= Wang Pinxian =

Chinese marine geologist

Wang Pinxian (汪品先; born 14 November 1936 in Suzhou, Jiangsu) is a Chinese marine geologist. He is an academician of the Chinese Academy of Sciences.

==Biography==
Wang obtained his degree in geology from Moscow State University of the Soviet Union in 1960, and taught at East China Normal University in Shanghai afterwards. In 1972, when the Marine Geology department of East China Normal University merged into Tongji University, Wang was transferred to Tongji.

He was elected a member of the Chinese Academy of Sciences (CAS) in 1991. He was vice president of the International Scientific Committee for Ocean Research (SCOR), 1994–1998. He has served as vice chairman of the Division of Earth Sciences of CAS, president of the Chinese Committee on Ocean Research and vice president of Oceanological and Limnological Society of China.

He has been engaged in research on marine micropaleontology and evolution of its environmental pattern for decades and has made creative contributions to the development of marine geology in China. He started the research on the burial of microfossils in China and has developed the research on paleoceanography considerably.

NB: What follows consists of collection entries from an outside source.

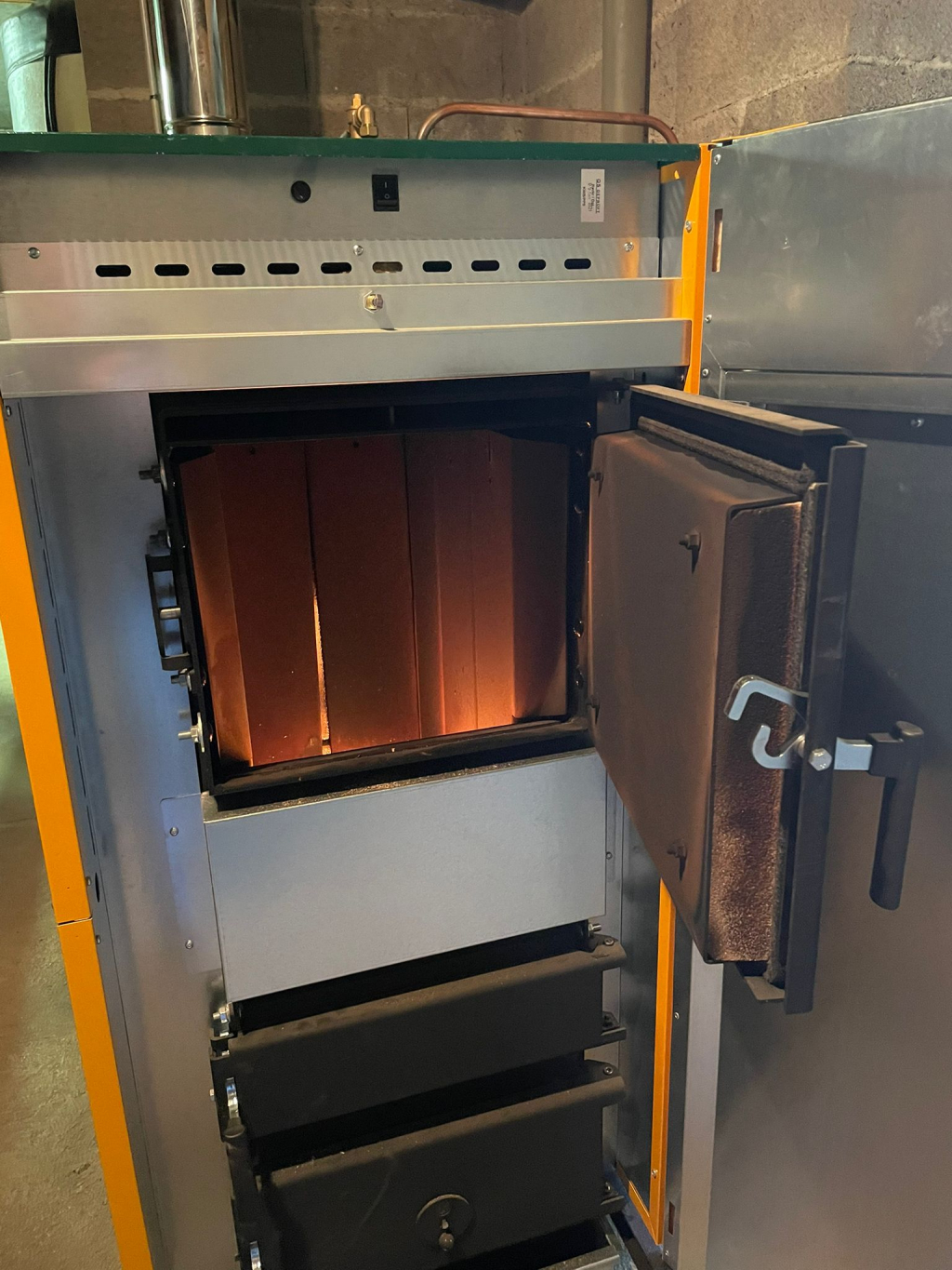 Installation d'une chaudière bois (bûches) de 18 kW en remplacement d'une chaudière fioul, avec ballon tampon de 1000 litres, pour le chauffage et l'eau chaude sanitaire.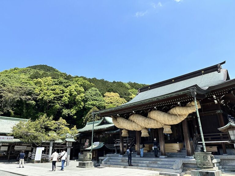 境内には、日本一とされる大注連縄(しめなわ)や大太鼓、大鈴があり、その迫力も見どころの一つ。海と山、そして信仰が結びついた独特の立地は、他の神社にはない魅力を持っています。観光と参拝を同時に楽しめる神社として、幅広い層に支持されています。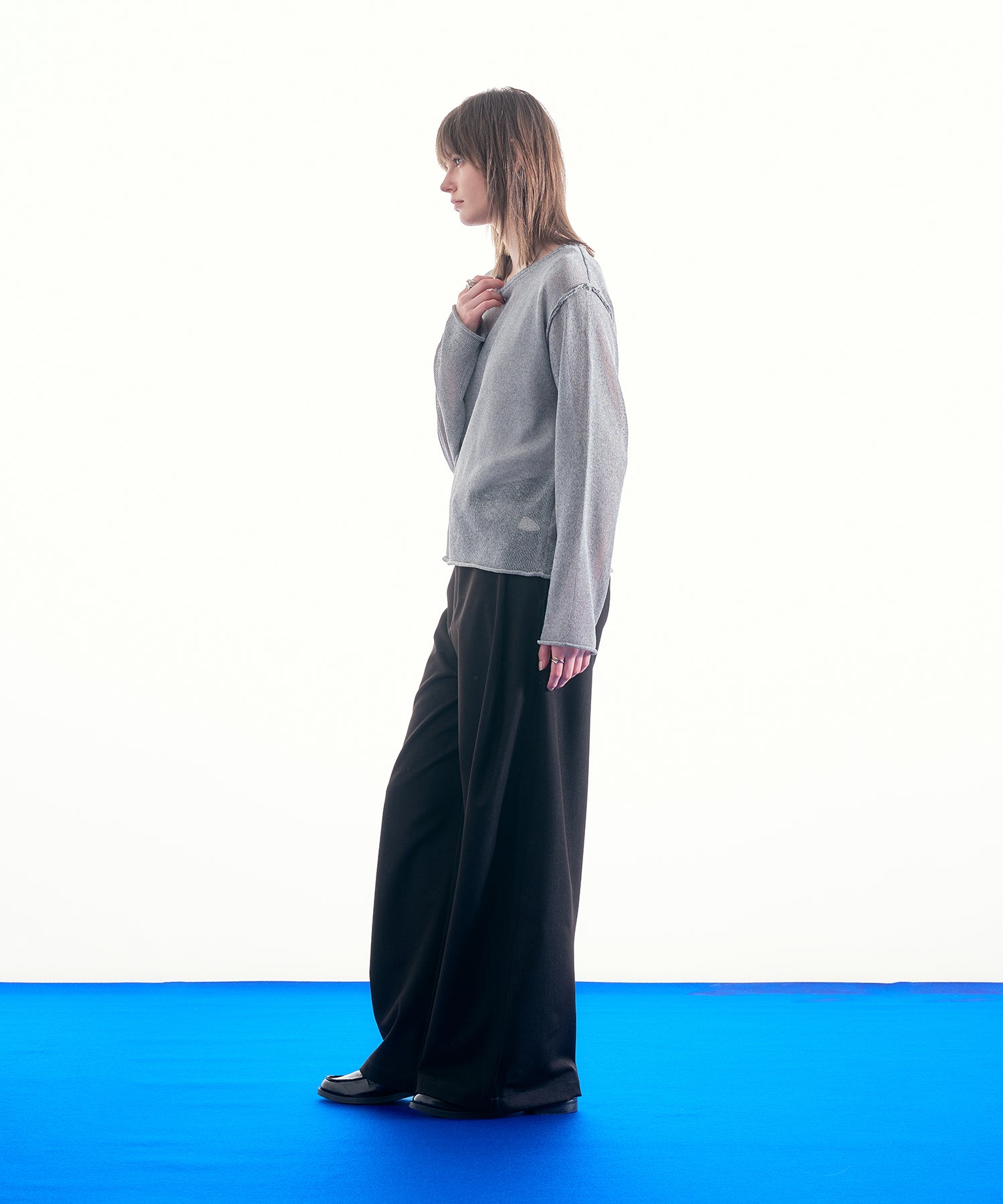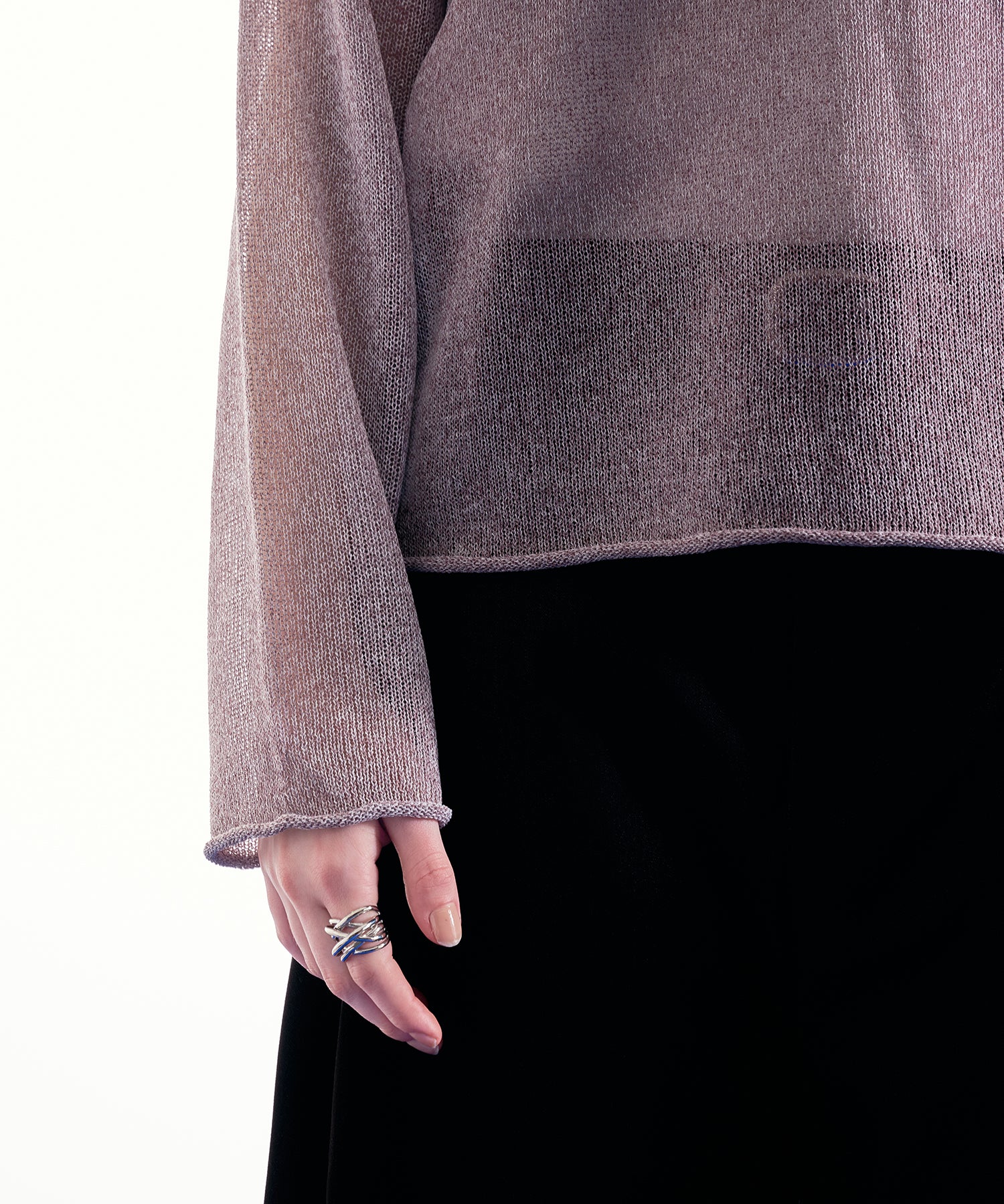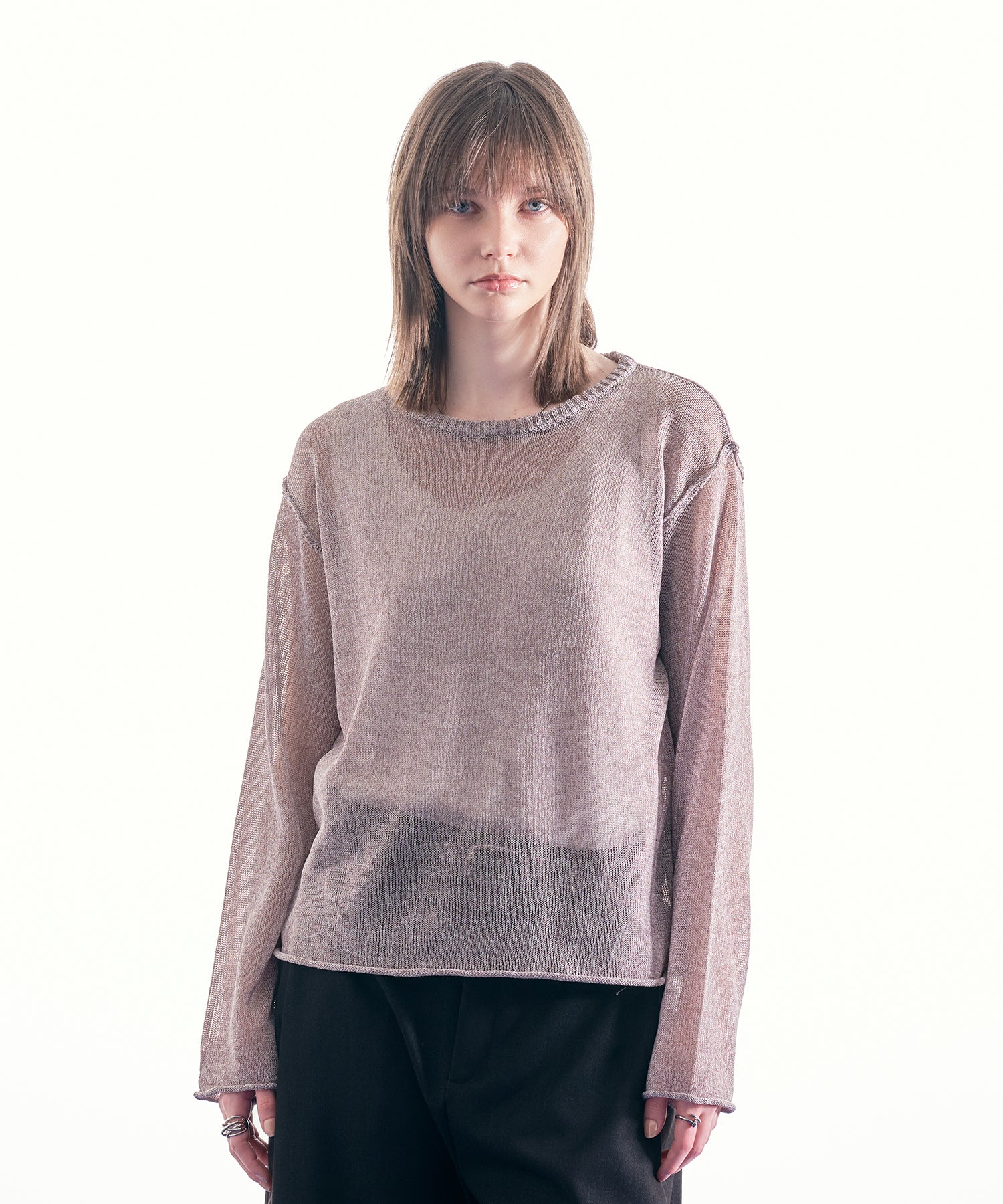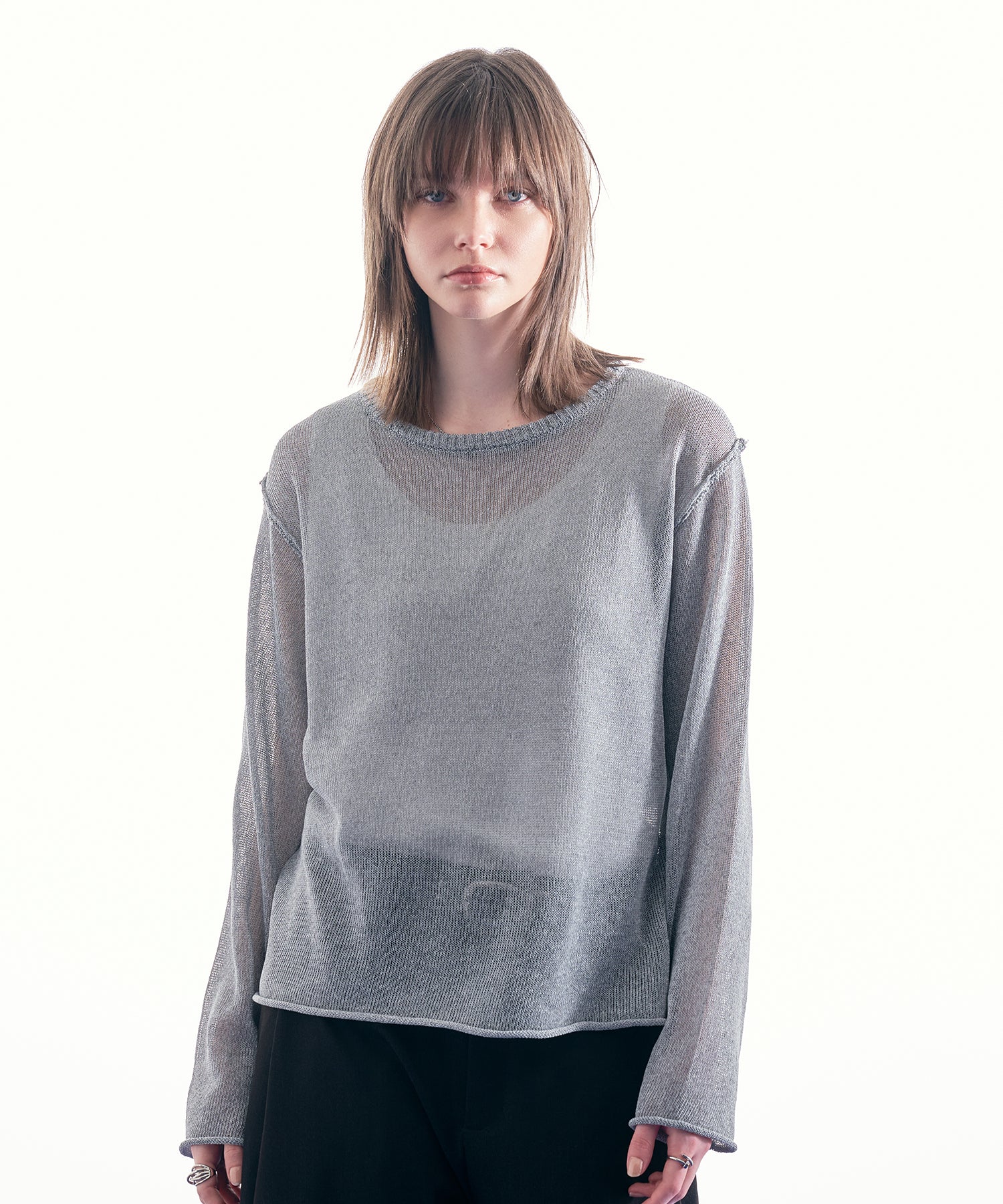 最大の特徴であるシアー感は、インナーとのレイヤードによって見え方が変化し、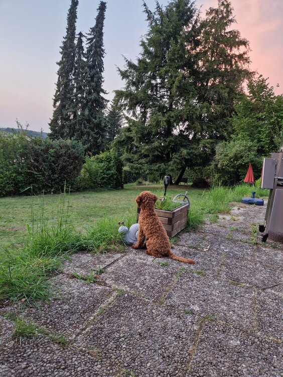 Polly diese Woche in der Hundeschule, beim Tiersendung-Schauen und beim Vögel-Beobachten. Hallo Steffi, die Woche ohne Babs ist morgen vorbei. Ich denke, ich habe ihren Teil der Polly-Betreuung zu deren vollsten Zufriedenheit übernommen. Bin ja Gott sei Dank wieder soweit fit, dass ich täglich zweimal größere Strecken mit ihr im Wald laufen kann. Habe sie gestern gewogen: ganze neun Kilo wiegt das Prachtstück inzwischen. Vielleicht haben wir einen Königspudel zum Preis eines Kleinpudels bekommen?🤣 Wir denken, dass sie inzwischen fast ausgewachsen ist. Babs geht soweit gut, sie freut sich auf morgen und lässt euch herzlich grüßen. Sie hatte im Krankenhaus Kontakt mit Jutta. Schön, dass ihr uns mit den beiden zusammengebracht habt. Wir werden mit Sicherheit öfter zusammenkommen, wenn bei ihnen wieder ein Pudel in der Familie ist. Für morgen ist alles vorbereitet; Rollstuhl und Gehbock habe ich schon abgeholt. In einigen Wochen wird Babs wieder herumspringen wie ein junges Reh. Herzliche Grüße,Polly und Günter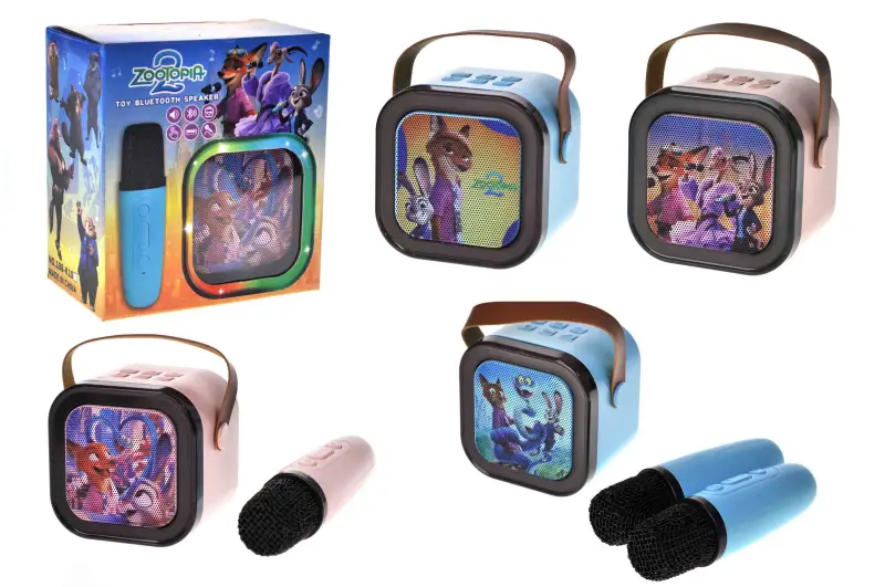 Караоке з 2 мікрофонами 188-K10A Зоотрополіс, блутуз колонка на акумуляторі,слот для карти пам'яті, р.13x7x14см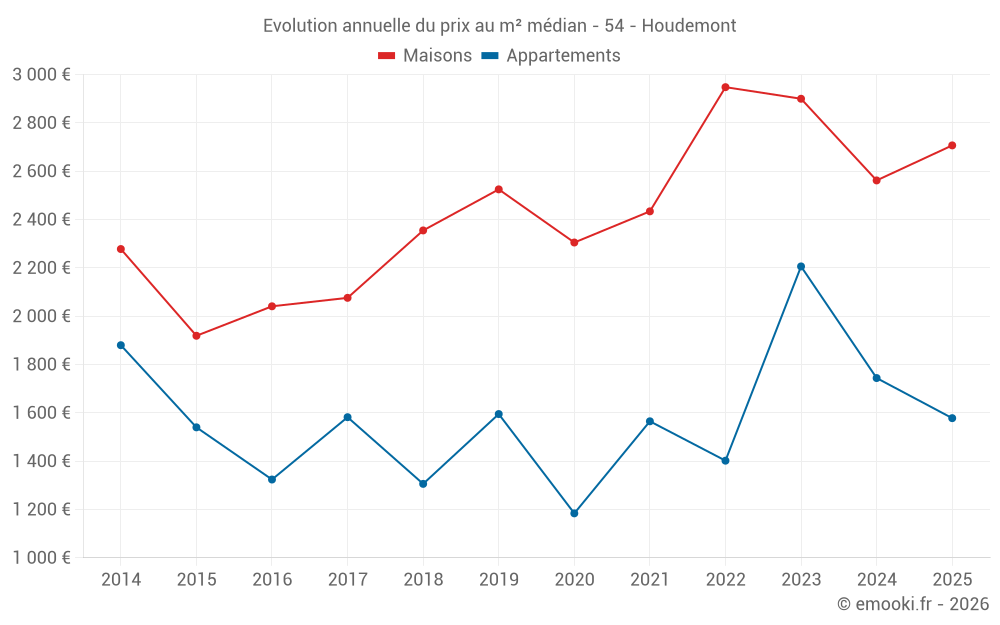 Le prix médian sur les 22 transactions de maisons des 24 derniers mois dans la commune d'Houdemont était de 2 627 € par mètre carré pour une valeur foncière médiane de 269 500 €. Sur cette période 60% des transactions se sont situées entre 2 087 et 2 951 € par mètre carré (du 2ème au 8ème déciles).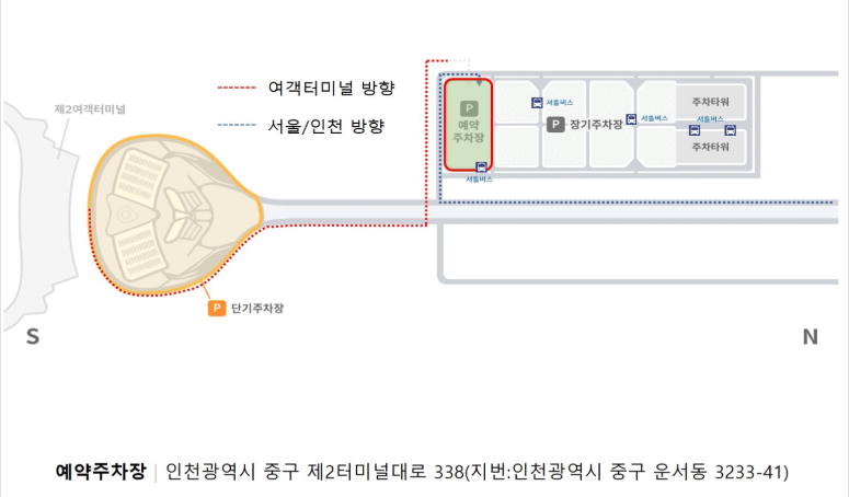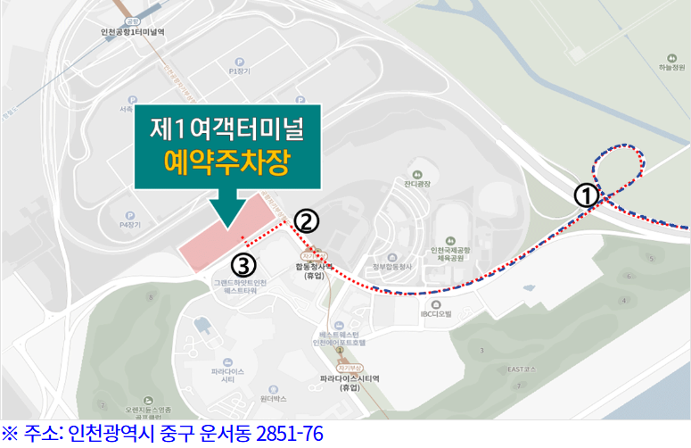 인천공항 장지주차장 제1여객터미널 - 제2여객터미널 주차장 안내도

He was awarded a number of prizes including the National Natural Science Prize and the Ho Leung Ho Lee Prize. His research entitled Distribution of Calcareous Microfossils in the China Seas and its Paleenvironmental Significance won the first prize for the Advancement of Science and Technology awarded by the former State Education Commission and the fourth place for the National Natural Science Award.

His research on Dynamic Progression and Development Trend of the Evolution of Environment in the last 150,000 years in Drought and Semi-drought Areas won the first prize for the Advancement of Science and Technology awarded by Chinese Academy of Science in 1998. In 2007, he was awarded the Milutin Milankovic Medal by the European Geosciences Union.